Hausa multi ethnic state from 1500 to 1840

Kwararafa (Hausa: Kororofa) was a multiethnic state and confederacy centered along the Benue River Valley in what is today central Nigeria. It was situated south of the Hausa States and southwest of the Bornu Empire. Kwararafa rose to prominence before 1500, and terrorised its more powerful neighbours in the 17th century. It declined throughout the 18th century due to various factors, and had collapsed by the early 19th century. The Jukun dynasty of the Wukari kingdom took control of the remains of the Kwararafa state. The period of Kwararafa's martial expansion and hegemony remains prominent in the oral traditions of the Benue Valley.
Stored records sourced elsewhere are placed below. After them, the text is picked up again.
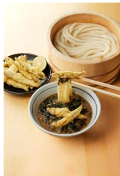
【滋賀県】 わかさぎ天ぶらつけ汁

さくつとフワつとした食感が楽しいわかさぎの天ぶらを山盛りで！徳島県産のすだちをしぼってそのままお召上がりいただくこともできますが、魚介の旨み、のりの香りが楽しい濃厚だしに打ち立てうどんを絡ませ、ぜひわかさぎ天と一緒に楽しみください。
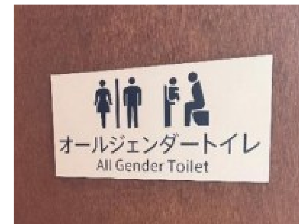
万博会場に設置された オールジェンダートイレの表示
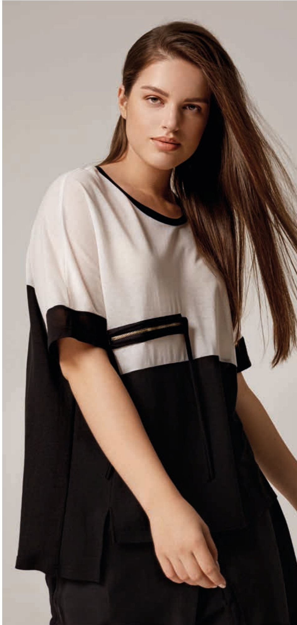
БЛУЗА АРТ. 18-703

СОСТАВ: 36% БАМБУК, 28% ХЛОПОК, 36% ТЕНСЕЛ ЦВЕТ: БЕЛЫЙ, БЕЖЕВЫЙ РАЗМЕРНЫЙ РЯД: М, L, XL

The connection of the "Kororofa" in the Kano Chronicle to the Jukun was first made by a colonial officer, possibly incentivised to empower indirect rule through the Jukun over other groups. There is also virtually no record of Kwararafa's invasions north in the oral traditions of the Benue Valley, and Kwararafa's history is largely pieced together by accounts of outsiders. As such a minority of scholars have doubted whether the confederation existed at all.

== Name ==
Kororofa was a collective name given by Muslim inhabitants of the Central Sudan in the north to a number of pagan peoples of the Middle Belt. Kororo-afa means "the salt people". Kwararafa had no meaning among the Jukun.

== History ==

=== Origins ===
The Benue Valley of the Middle Belt has long been inhabited by various ethnic groups. Its location as an interregional commercial centre contributed significantly to the emergence of Kwararafa. The wealth accumulated from this allowed groups to purchase horses from the Hausa, as cavalry was used to spread political and religious influence. Santolo, the first capital of the state, was founded circa 1000. Oral traditions indicate that professional hunters were chosen as military leaders, such as Gidi-Gidi, who founded Pindiga, and Katakpa, who founded Wukari. Although the Jukun are traditionally assumed to be the founders of the state, the inclusion of Kwararafa as a bastard Hausa state ("Hausa Banza") in the tradition of Bayajidda indicates the confederation was initially founded by the Abakwariga (non-Muslim Hausa) Kutumbuwa dynasty, who were later replaced by the Jukun, however there is too little workable evidence to be certain.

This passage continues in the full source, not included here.